Your next two tasks are to incorporate Conditional random fields (CRF) to your model. <b>You do not need to use pretrained weight</b>.

Keras already implement a CRF neural model for you. However, you need to use the official extension repository for Keras library, call keras-contrib. You should read about keras-contrib crf layer before attempt this exercise section

### #TODO 4
Use Keras-contrib CRF layer in your model. You should set the layer parameter so it can give the best performance on testing using <b>viterbi algorithm</b>. Your model must use crf for loss function and metric. CRF is quite complex compare to previous example model, so you should train it with more epoch, so it can converge.

To finish this excercise you must train the model and show the evaluation report with this model as shown in the example.

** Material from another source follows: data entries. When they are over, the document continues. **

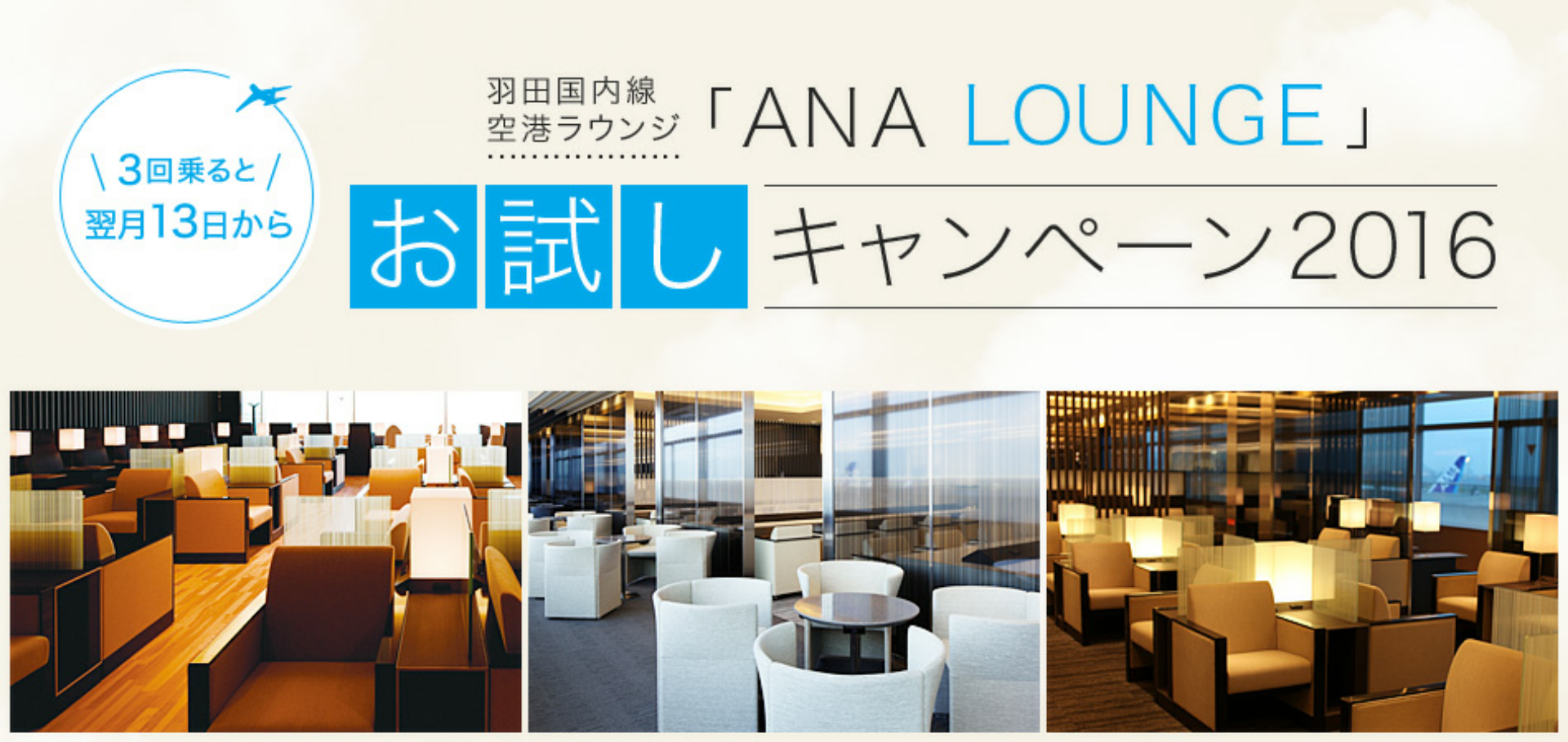 そう言えば先日、月3回飛行機を利用するとANAのラウンジがお試しで利用できるキャンペーンをやってるに気付き再チェック。
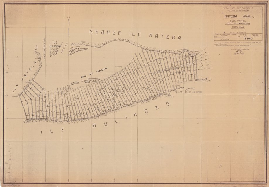 Title: Mateba Aval, Section du Bas-Congo Levé partiel Route de navigation - Scale: 10000 - sondages - Sheet number/Numéro de feuille/Bladnummer: 2415
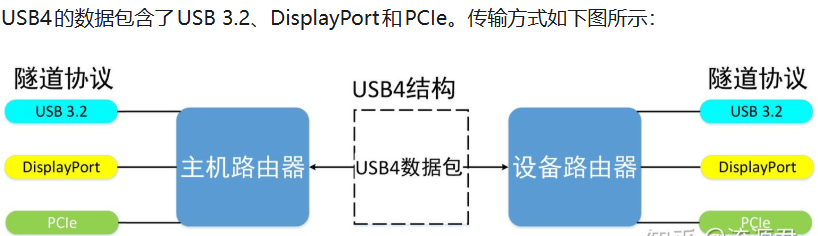 USB4 规范中阐明的目标是更高的传输带宽,帮助融合 USB-C 连接器的生态并"最大程度地减少终端用户的困惑"。USB4只支持USB Type-C接口,不再支持传统的Type-A(Standard-A)接口和Type-B(Micro-B)接口。隧道协议是一种将不同协议的数据包重新封装在一起传输的方式,数据包传递经过的路径叫做隧道。USB4规范中协议隧道分为USB 3.2隧道,DisplayPort隧道、PCIe隧道,三者可以统称为USB4隧道。
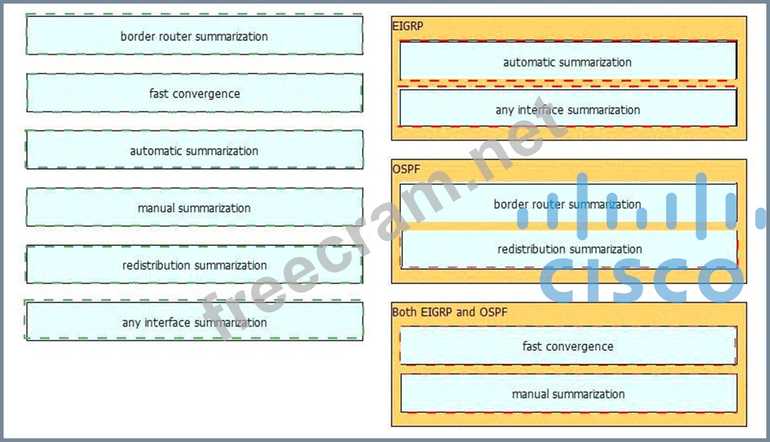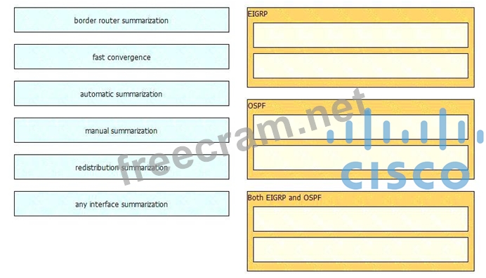 Drag the technology on the left to the matching routing protocol on the right.
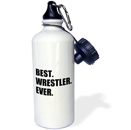 3dRose wb_185022_1 Best Wrestler Ever, Fun Wrestling Sport Gift, Black and White Text Sports Water Bottle, 21 oz, White
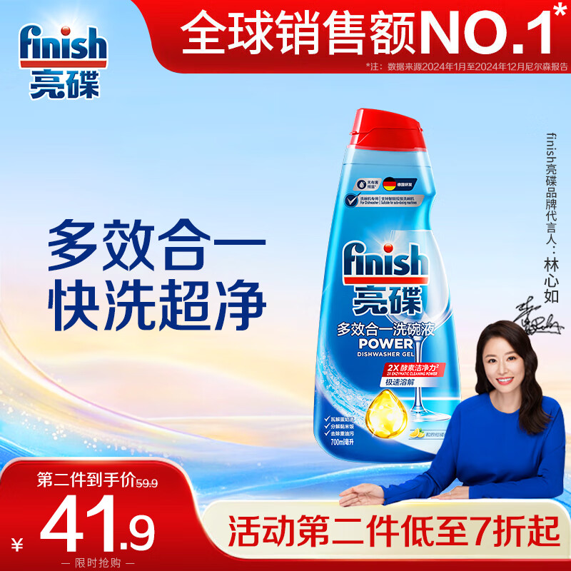 亮碟(finish)洗碗机洗涤剂清洁剂洗碗液多效合一去污去渍 通用各大品牌洗碗机 洗碗液1瓶装 700ml/瓶
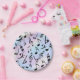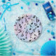 An array of black musical notes on multicolored iridescent party plates. Great for music lover parties. The pastel background also makes it great for a birthday party or baby shower, especially for a musician or singer. Shown are the 7" round custom party plates. Other sizes available. Matching party napkins available in a variety of sizes. Designed by Heard_, and 369.
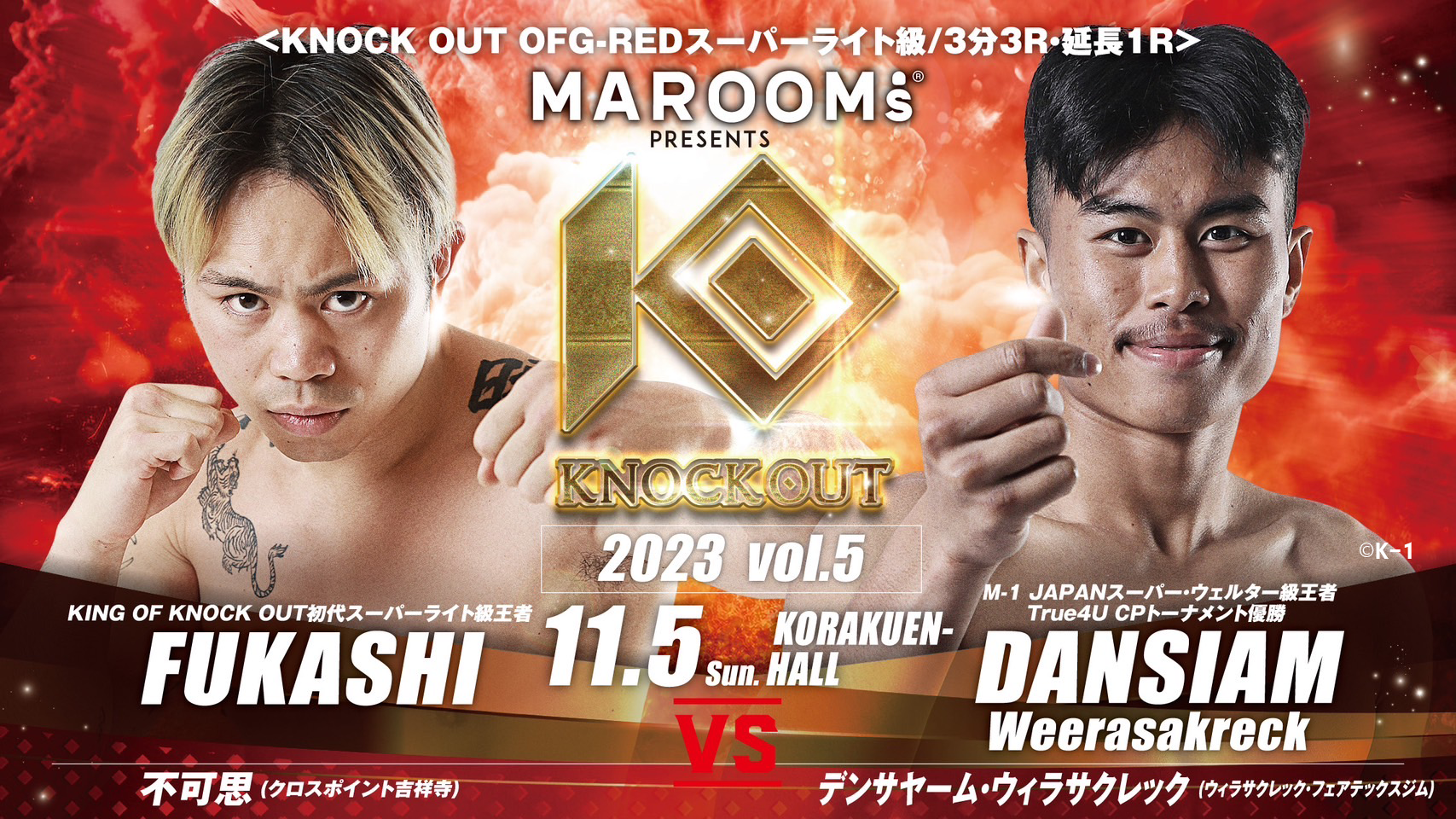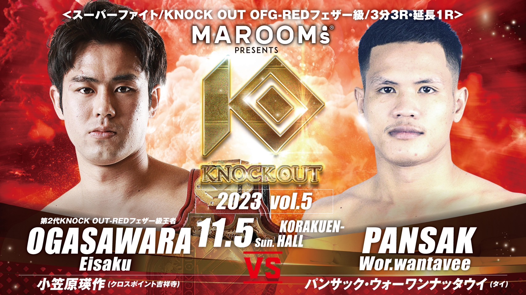 2023年11月5日(日)後楽園ホールにおいて開催するMAROOMS presents『KNOCK OUT 2023 vol.5』の追加対戦カードを発表いたします。
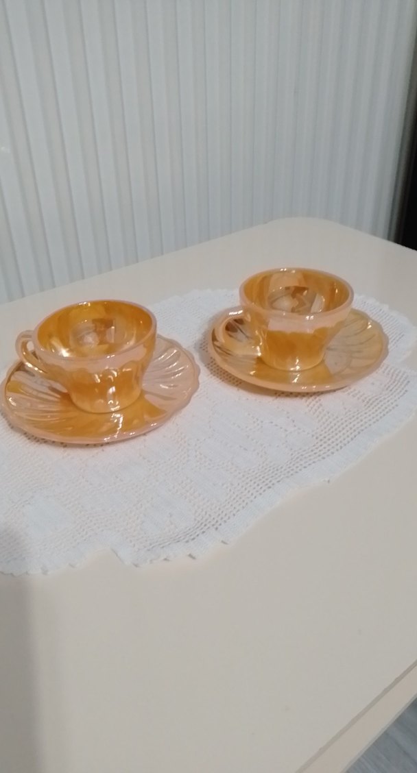 İki adet bej pastel renkli fincan ve uyumlu tabaklardan oluşan, parlak ve pürüzsüz yüzeye sahip set. ☕
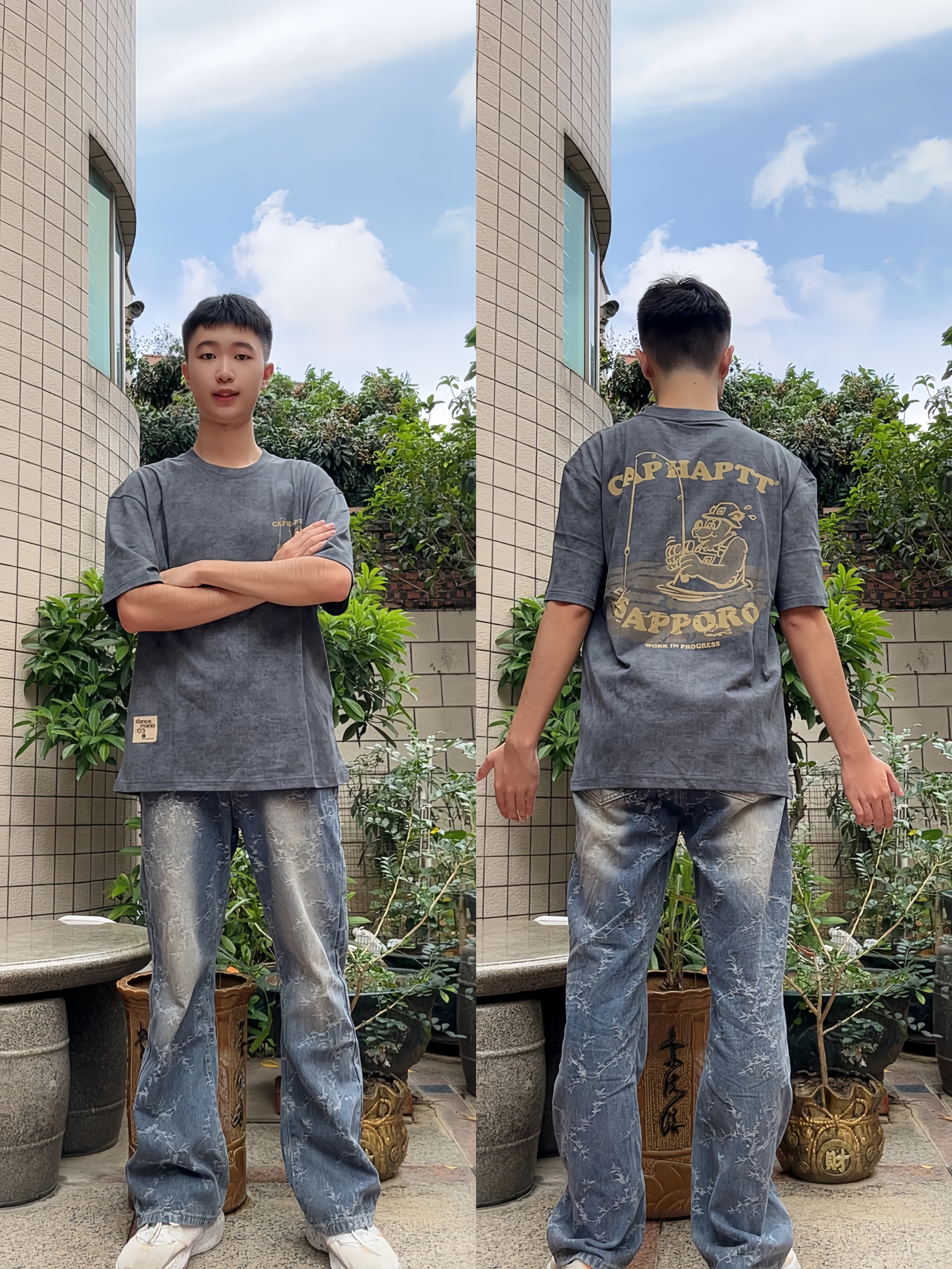 哈喽呀宝子们 今天穿的是前进牛家的衣服呀 做旧灰调自带复古氛围感,胸前精致小图案超有设计感,简约又不失细节~ 我175 120穿的是L码 宝子们可以参考一下哟

Do not forget to save this model weight.

In [13]:
# Write your code here

In [14]:
from keras.callbacks import ModelCheckpoint
weight_path_viterbi='./weight_model/model_weight_viterbi.h5'
callbacks_list_viterbi = [
        ModelCheckpoint(
            weight_path_viterbi,
            save_best_only=True,
            save_weights_only=True,
            monitor='loss',
            mode='min',
            verbose=1)]
#model_feedforward_nn.fit(x, y, epochs, batch_size, verbose,callbacks=callbacks_list_feedforward_nn,validation_data=(x, y))

In [15]:
n_classes,x_train.shape,len(word_to_idx),n_classes

(48, (18500, 102), 15019, 48)

In [13]:
from keras_contrib.layers import CRF
from keras_contrib.losses import crf_loss
from keras_contrib.metrics import crf_viterbi_accuracy
from keras_contrib.layers.advanced_activations import PELU

In [14]:
model = Sequential()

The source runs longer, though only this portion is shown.